B) If there are 18 male squirrels and 18 female squirrels, in how many ways can these squirrels stand in a square if they must alternate in gender.

Both parts of this problem assume each squirrel is unique, just as if they were people.
• Oct 5th 2011, 12:34 PM
Plato
Re: Counting using Equivalence Classes & Partitions : Squirrels in a square
Quote:

Originally Posted by onemachine
A) In how many ways can 36 different squirrels stand in a square? That is, four sides with nine squirrels on each side.
B) If there are 18 male squirrels and 18 female squirrels, in how many ways can these squirrels stand in a square if they must alternate in gender.

These are just circular arrangements.
If N different objects is a circle, then there are $(N-1)!$ ways to do that.

If we have K of one kind and K of the another kind then there are $(K-1)!\cdot K!$ ways to arrange these so as to alternate kinds.
• Oct 5th 2011, 12:41 PM
onemachine
Re: Counting using Equivalence Classes & Partitions : Squirrels in a square
Quote:

Originally Posted by Plato
These are just circular arrangements.
If N different objects is a circle, then there are $(N-1)!$ ways to do that.

If we have K of one kind and K of the another kind then there are $(K-1)!\cdot K!$ ways to arrange these so as to alternate kinds.

Thanks for the response, but this is NOT a circle problem. This was made clear by my prof: The point of this problem is that it is NOT a circle problem and it is NOT a line problem. In a circle, if the squirrels move one position to the left or right, the circle remains the same circle. In a square, if the squirrels move one position, then we have a different square.
• Oct 5th 2011, 01:14 PM
Plato
Re: Counting using Equivalence Classes & Partitions : Squirrels in a square
What happens if the square is rotated: 90, 180, or 270?
• Oct 5th 2011, 02:31 PM
onemachine
Re: Counting using Equivalence Classes & Partitions : Squirrels in a square
Quote:

Originally Posted by Plato
If not, what happens if the square is rotated: 90, 180, or 270?
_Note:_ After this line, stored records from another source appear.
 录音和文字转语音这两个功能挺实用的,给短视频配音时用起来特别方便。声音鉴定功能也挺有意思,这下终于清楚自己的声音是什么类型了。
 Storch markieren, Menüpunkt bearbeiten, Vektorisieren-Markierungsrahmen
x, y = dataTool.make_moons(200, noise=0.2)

The way I understand it is that a square is a square if it has 4 unique sides. When the squirrels move one position to the left or right, there are 4 new unique sides created (and thus, a second, unique square). However, when they move positions 9 times, they have created the same square they started with. When they move to the 10th time, they are creating the same square they made after the first position. The squirrels can create equivalent squares while rotating throught the positions around the square. Thus, I believe the answer to part A is 36!/4, because the equivalence class of the original square has 4 elements, of which only one is a unique square.
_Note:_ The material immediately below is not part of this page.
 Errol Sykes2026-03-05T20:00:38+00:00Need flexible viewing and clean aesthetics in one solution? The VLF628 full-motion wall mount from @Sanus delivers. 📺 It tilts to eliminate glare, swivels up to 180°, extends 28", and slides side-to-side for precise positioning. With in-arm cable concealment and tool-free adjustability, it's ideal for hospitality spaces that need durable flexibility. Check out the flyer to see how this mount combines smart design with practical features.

I'm hoping someone can convince me that this is either correct or incorrect...
• Oct 5th 2011, 03:23 PM
Plato
Re: Counting using Equivalence Classes & Partitions : Squirrels in a square
Quote:

Originally Posted by onemachine
The way I understand it is that a square is a square if it has 4 unique sides. When the squirrels move one position to the left or right, there are 4 new unique sides created (and thus, a second, unique square). However, when they move positions 9 times, they have created the same square they started with. When they move to the 10th time, they are creating the same square they made after the first position. The squirrels can create equivalent squares while rotating throught the positions around the square. Thus, I believe the answer to part A is 36!/4, because the equivalence class of the original square has 4 elements, of which only one is a unique square.

I'm hoping someone can convince me that this is either correct or incorrect...

O.K. Would agree that there are $35!$ ways to make the first arrangement?
If so, can you argue that according to your understanding the answer is $\frac{35!}{4}~?$
• Oct 5th 2011, 03:37 PM
onemachine
Re: Counting using Equivalence Classes & Partitions : Squirrels in a square
Quote:

Originally Posted by Plato
O.K. Would agree that there are $35!$ ways to make the first arrangement?
If so, can you argue that according to your understanding the answer is $\frac{35!}{4}~?$

I do not see how there are 35! ways to make the initial arrangement. Since there are 36 squirrels and 36 positions on the square, there are 36! ways to arrange the squirrels.

If you draw a picture of the initial square, you can see that no single squirrel holds a position on two sides of the square (i.e. no single squirrel is on a corner). Thus, there are indeed 36 unique positions on the intital square.

Right? ;)